Product Description
Science has seen its fair share of punch-ups over the years, but one debate, in the field of biology, has become notorious for its intensity. Over the last twenty years, Richard Dawkins and Stephen Jay Gould have engaged in a savage battle over evolution that shows no sign of waning.
Dawkins, author of The Selfish Gene and The Blind Watchmaker, conceives of evolution as a struggle between gene lineages; Gould, who wrote Wonderful Life and Rocks of Ages, sees it as a struggle between organisms. For Dawkins, the principles of evolutionary biology apply just as well to humans as they do to all living creatures; for Gould, however, this sociobiology is not just ill-motivated but wrong, and dangerous.

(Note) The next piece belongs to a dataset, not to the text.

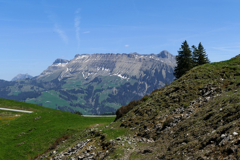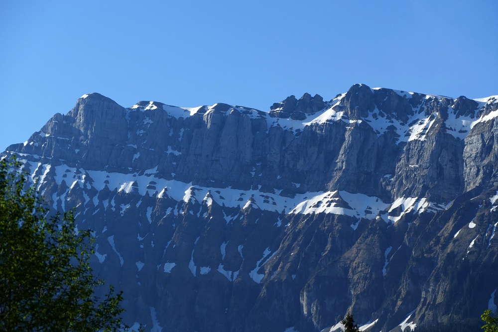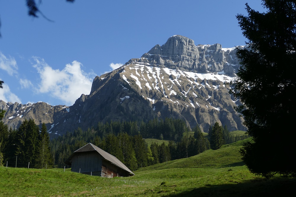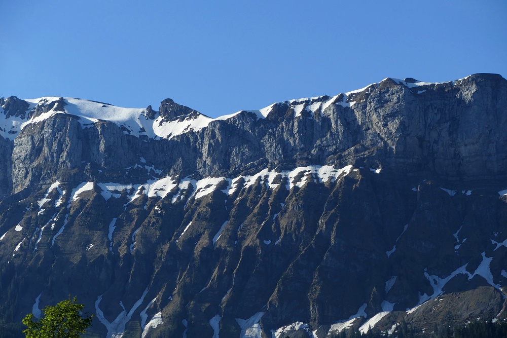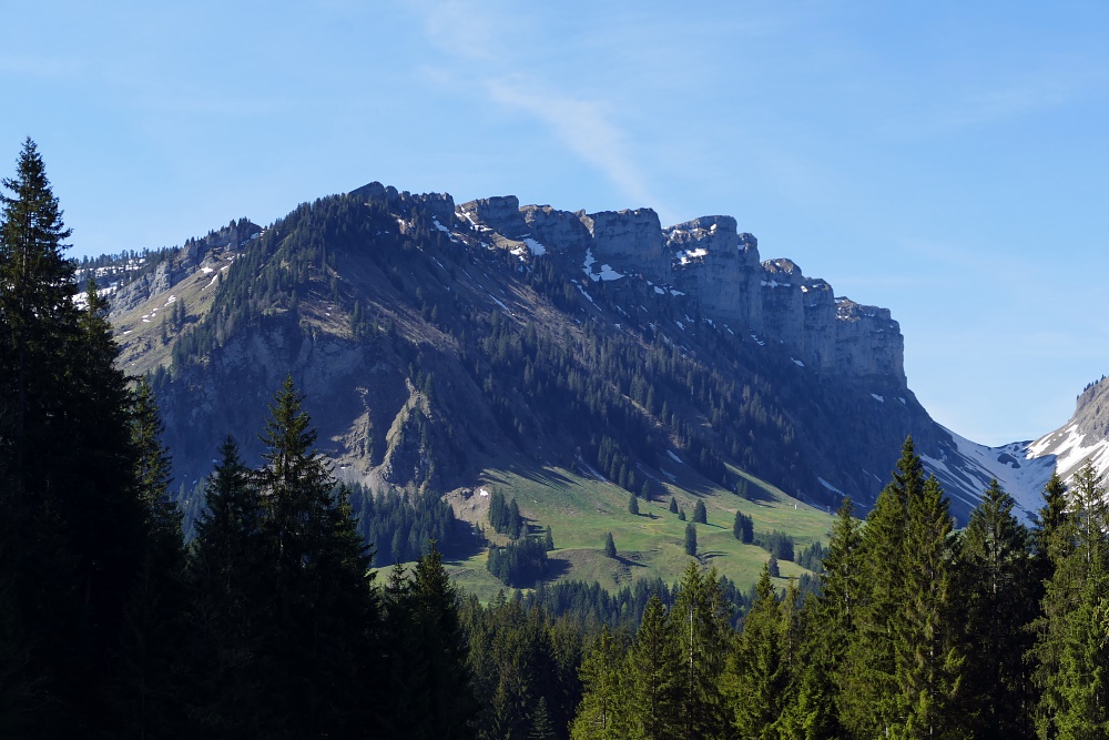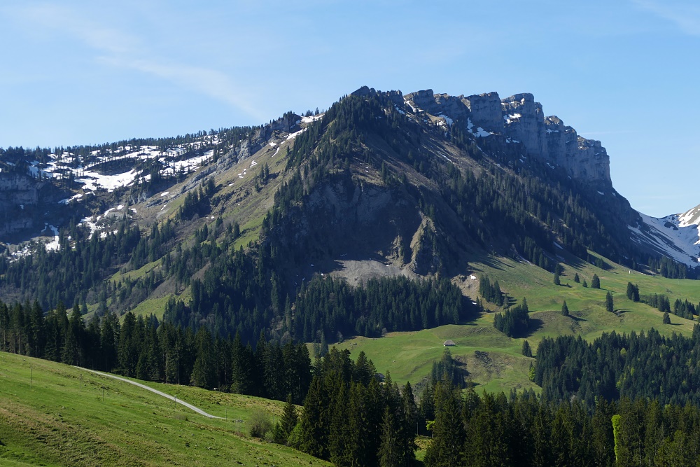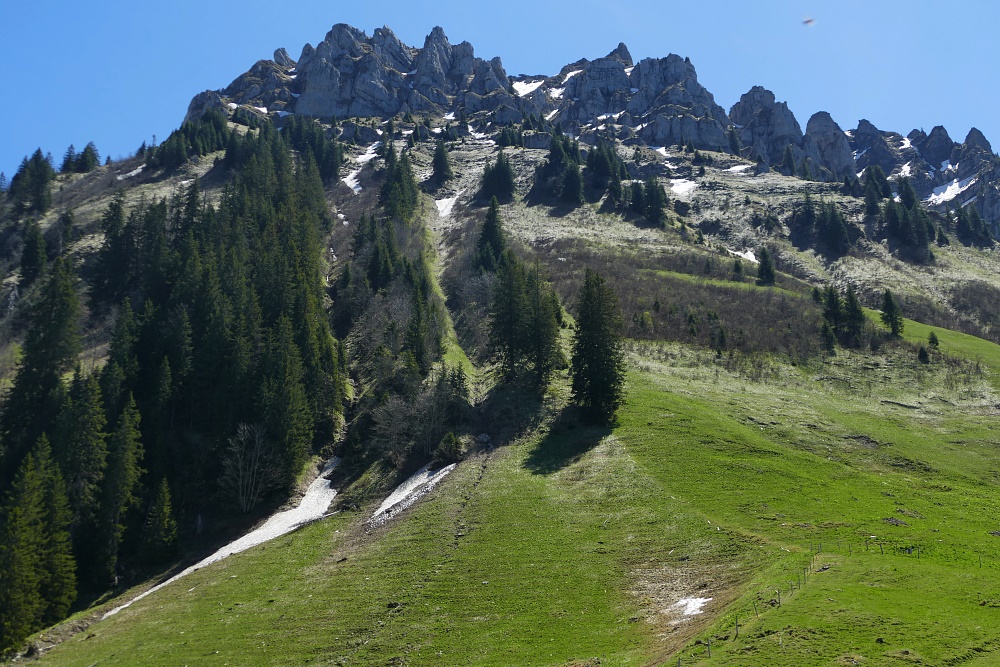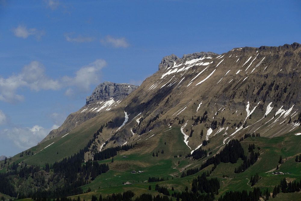 Nun biege ich nach Osten ab und nehme den Wanderweg am Fuß des Hohgant entlang. Immer wieder liegen in Rinnen noch Schneereste, aber auch immer wieder sind die Folgen abgegangener Lawinen zu sehen: ab- oder umgeknickte Bäumchen, murenähnliche Abgänge, von den Lawinen mitgerissene oder mitgeführte Erdklumpen oder Grasnarben.

Dawkins views have been caricatured, and the man painted as a crazed reductionist, shrinking all the variety and complexity of life down to a struggle for existence between blind and selfish genes. Gould, too, has been falsely represented by creationists as rejecting the fundamental principles of Darwinism itself.

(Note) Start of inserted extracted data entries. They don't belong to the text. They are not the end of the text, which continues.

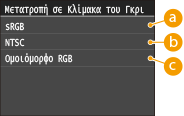 Μπορείτε να επιλέξετε τον τρόπο μετατροπής των τιμών των χρωμάτων σε τιμές κλίμακας του γκρι, κατά την εκτύπωση έγχρωμων δεδομένων.
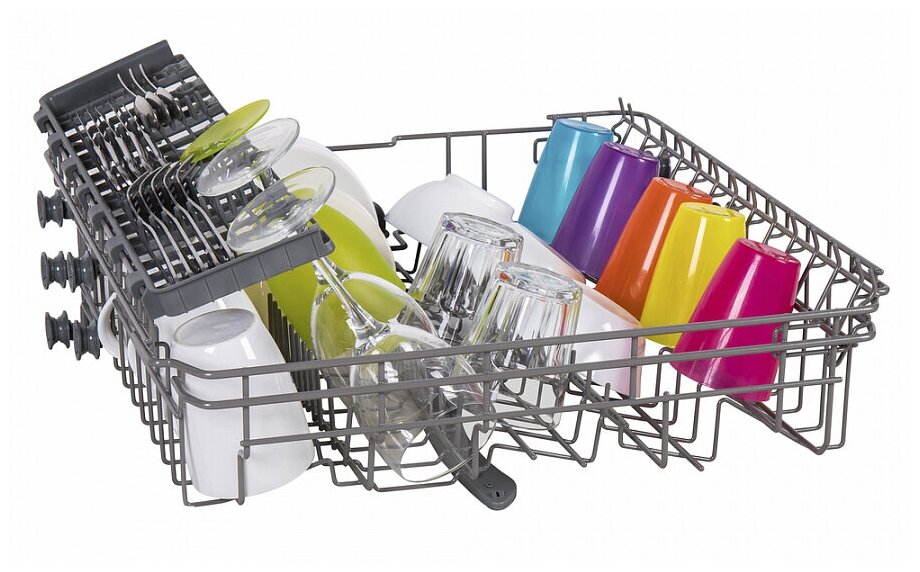Посудомоечная машина может иметь различные аксессуары: лоток для столовых приборов, держатель для бокалов и др. |
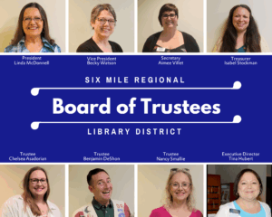 The Board of Trustees of the Six Mile Regional Library District is a seven member board elected “at large” by the constituents of the Library District. Elections are held every other year, in odd numbered years, with two seats on the ballot each time with the exception of the third year, when three seats appear. Each term is six years. Board members are not compensated for their service to the District. Trustees derive their authority and responsibilities from state law, 75 ILCS 16/ Public Library District Act of 1991
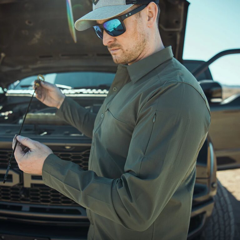 The Expedition Long-Sleeve Shirt by Vertx® is designed for active movement and demanding outdoor use. Its athletic fit with gusseted underarm and back panels allows unrestricted mobility, while breathable stretch fabric helps manage moisture and maintain comfort during long days in changing conditions.
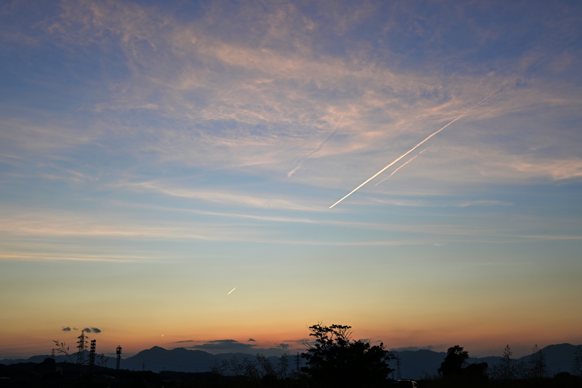 飛行機雲 17:49 西南西 1275mm 日没は17:37 |
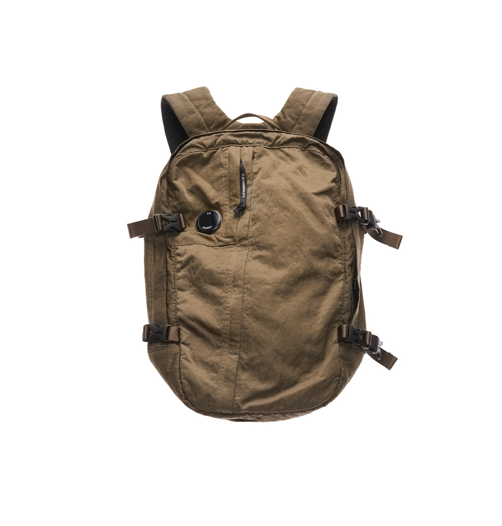 Zaino di C.P. Company, in raso di nylon tinto in capo con cinghie laterali e tasca esterna con la lente iconica della Goggle Jacket
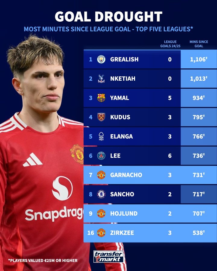 2025-02-26 08:05:27五大聯賽進球荒時間排名:格拉利什1106分鐘居首 亞馬爾934分鐘
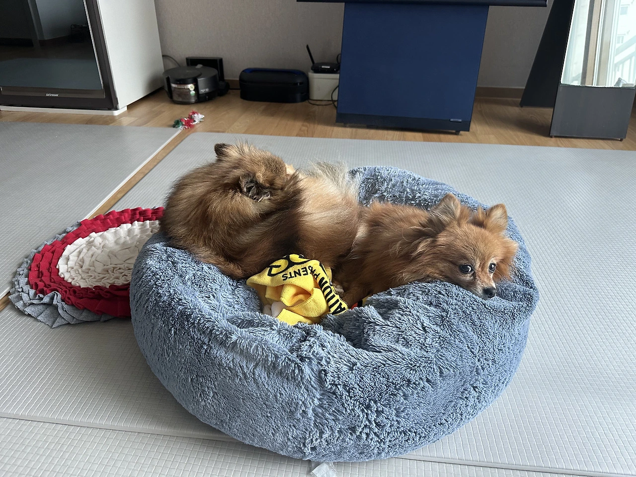 둘이 한 침대에 누워서 자는 일도 늘었다. 지금 생각해 보면 미르는 새벽이가 떠날까 많이 두려웠던 것 같다. 무탈하게 632일이나 보낸 지금은 둘이 붙어서 자는 경우가 거의 없기 때문.

Kim Sterelny moves beyond caricature to expose the real differences between the conceptions of evolution of these two leading scientists. He shows that the conflict extends beyond evolution to their very beliefs in science itself; and, in Goulds case, to domains in which science plays no role at all.
About the Author
Kim Sterenly is the author of several books, including "Sex and Death" (University of Chicago Press, 1999) and "Thought in a Hostile World" (Blackwell, 2003). He works in the philosophy departments at Victoria University in Wellington, New Zealand and the Australian National University, Canberra.